Dr. Abdulkadir Turan

Kürt mevzusu ve Türkiye siyasetinin çıkmazı!

11.08.2022 03:29:00 / Dr. Abdulkadir Turan

Türkiye, kritik 2023 Cumhurbaşkanlığı Seçimi’ne doğru yol alırken CHP’nin HDP’lileşmesi gerçeği yeteri kadar ciddiye alınmamaktadır.

Zira Türkiye’de Kürt mevzusuna zoraki olarak yabancılaştırılmış muhafazakâr kesim, HDP’lileşmeyi anlama sorunu yaşamaktadır.  

Türk muhafazakâr dünya, HDP’yi salt “Kürtçü ayrılıkçı” bir hareketin siyasal kanadı olarak düşünmekte, meselenin arka planıyla baştan beri hiç ilgilenmemektedir. Bunda hiç kuşkusuz Kürtlerin İslam’dan uzaklaştırılmasından acı duymamanın, öyle demeyeyim ama Kürtlerin İslam’dan uzaklaştırılmasına karşı “derince” sebeplerle duyarsız kalmanın da etkisi söz konusudur.

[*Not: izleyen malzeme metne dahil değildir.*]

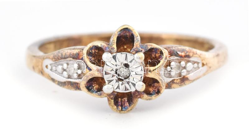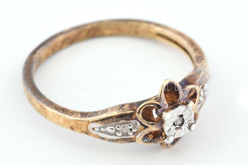 Ezüst (Ag) gyűrű 0,02ct brillel ékítve, bruttó: 2,37 g , m: 56. tanusí...
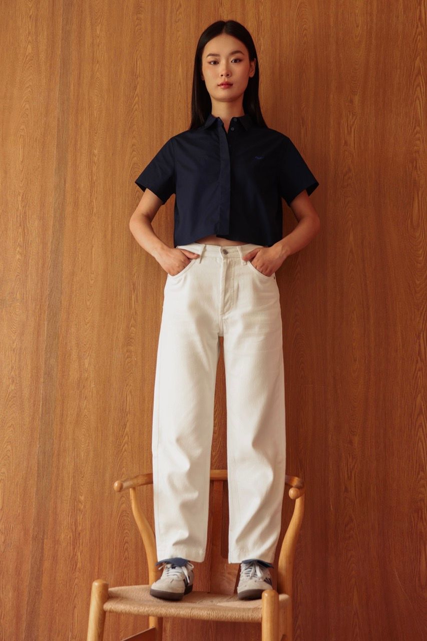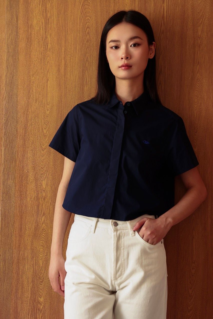 - Chi tiết: Thêu logo chỉ cotton trên ngực áo
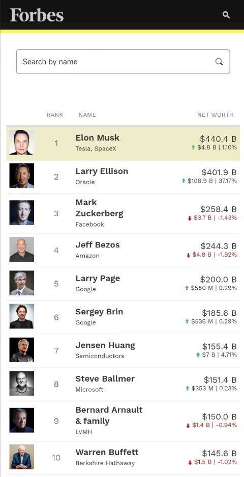 榜单显示,特斯拉首席执行官、太空探索技术公司(SpaceX)创始人埃隆·马斯克的最新财富为4404亿美元,依然是全球首富。
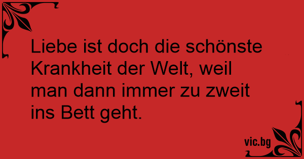Liebe ist doch die schönste Krankheit der Welt, weil man dann immer zu zweit ins Bett geht.
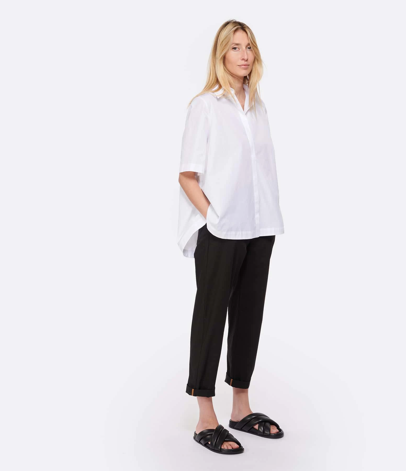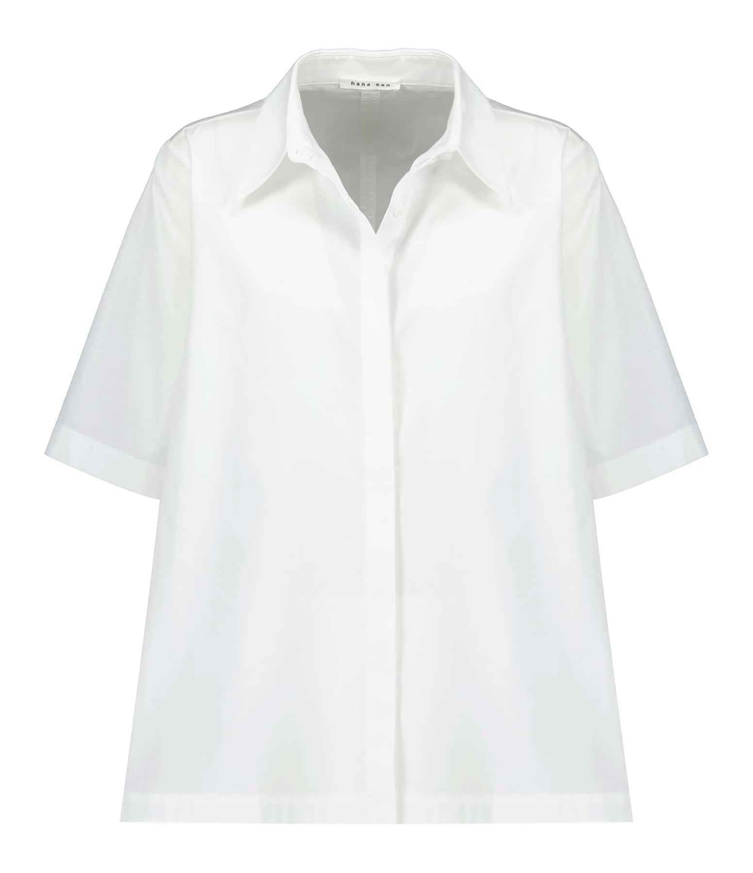 Chemise en coton blanc. Col chemise. Manches courtes. Fermeture boutonnée. Coupe ample. Base droite.
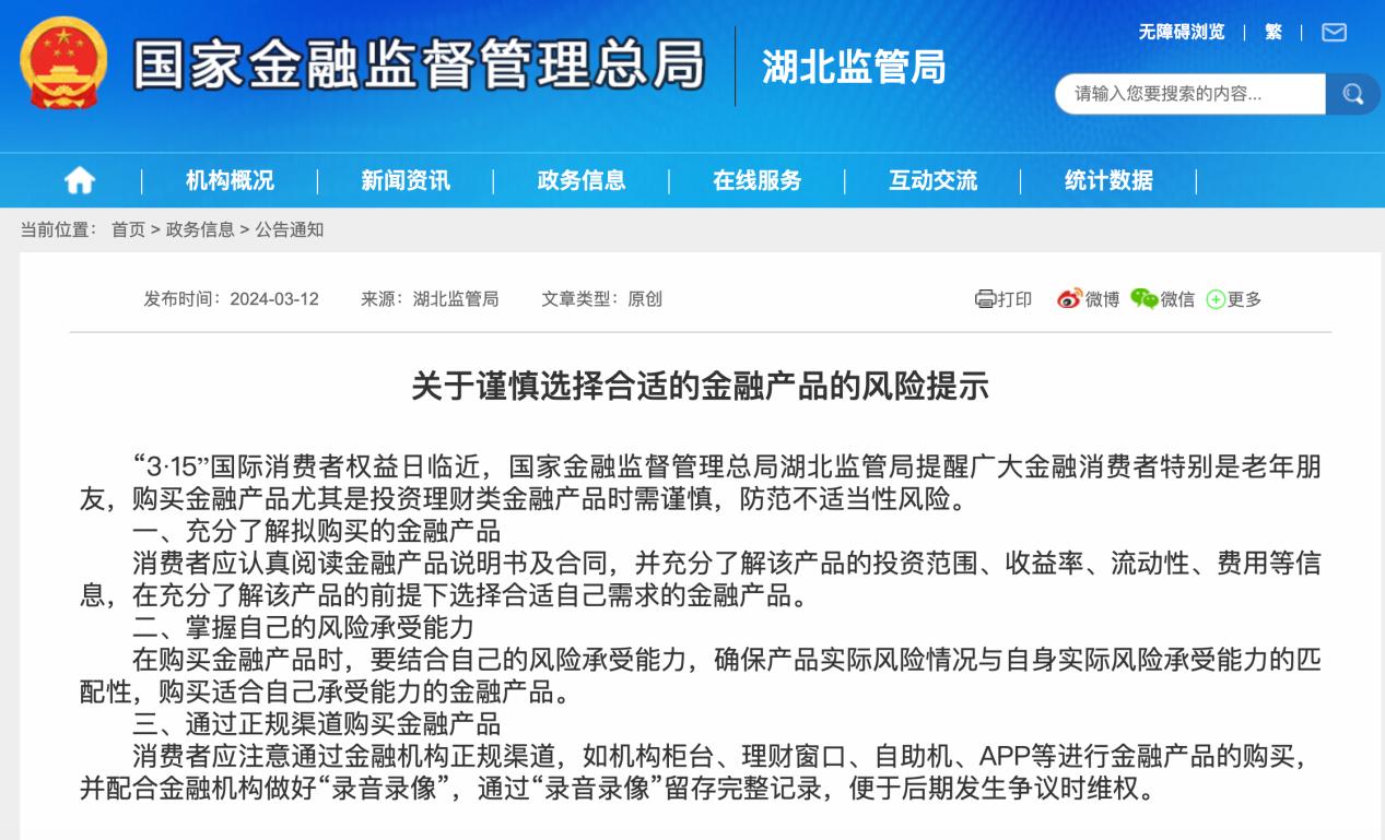 關於購買金融產品,國家金融監督管理總局湖北監管局也發佈風險提示,提醒消費者應認真閱讀金融產品說明書及合同,並充分了解該產品的投資範圍、收益率、流動性、費用等信息,在充分了解該產品的前提下選擇適合自己需求的金融產品。在購買金融產品時,要結合自己的風險承受能力,確保產品實際風險情況與自身實際風險承受能力的匹配性,購買適合自己承受能力的金融產品。

HDP gerçeğinin anlaşılmaması ve onunla birlikte Kürtlerin İslâmî kimliğinin geleceği ile ilgili duyarsızlık, Türkiye’nin önündeki siyasal sürecin eksik ve yanlış okunmasının önünü açmaktadır.

HDP, Müslüman bir toplum içinde örgütlenen uç seküler, uç sosyalist bir yapıya kısa sürede siyasal; uzun sürede sosyal ve siyasal bir taban kazandırma işleviyle siyaset yapmaktadır.

Parti, ait olduğu yapının genel karakteri üzerinde ilk günden beri dünyaya verdiği mesajlarda hâlâ despotik ulusal sol çizgidedir.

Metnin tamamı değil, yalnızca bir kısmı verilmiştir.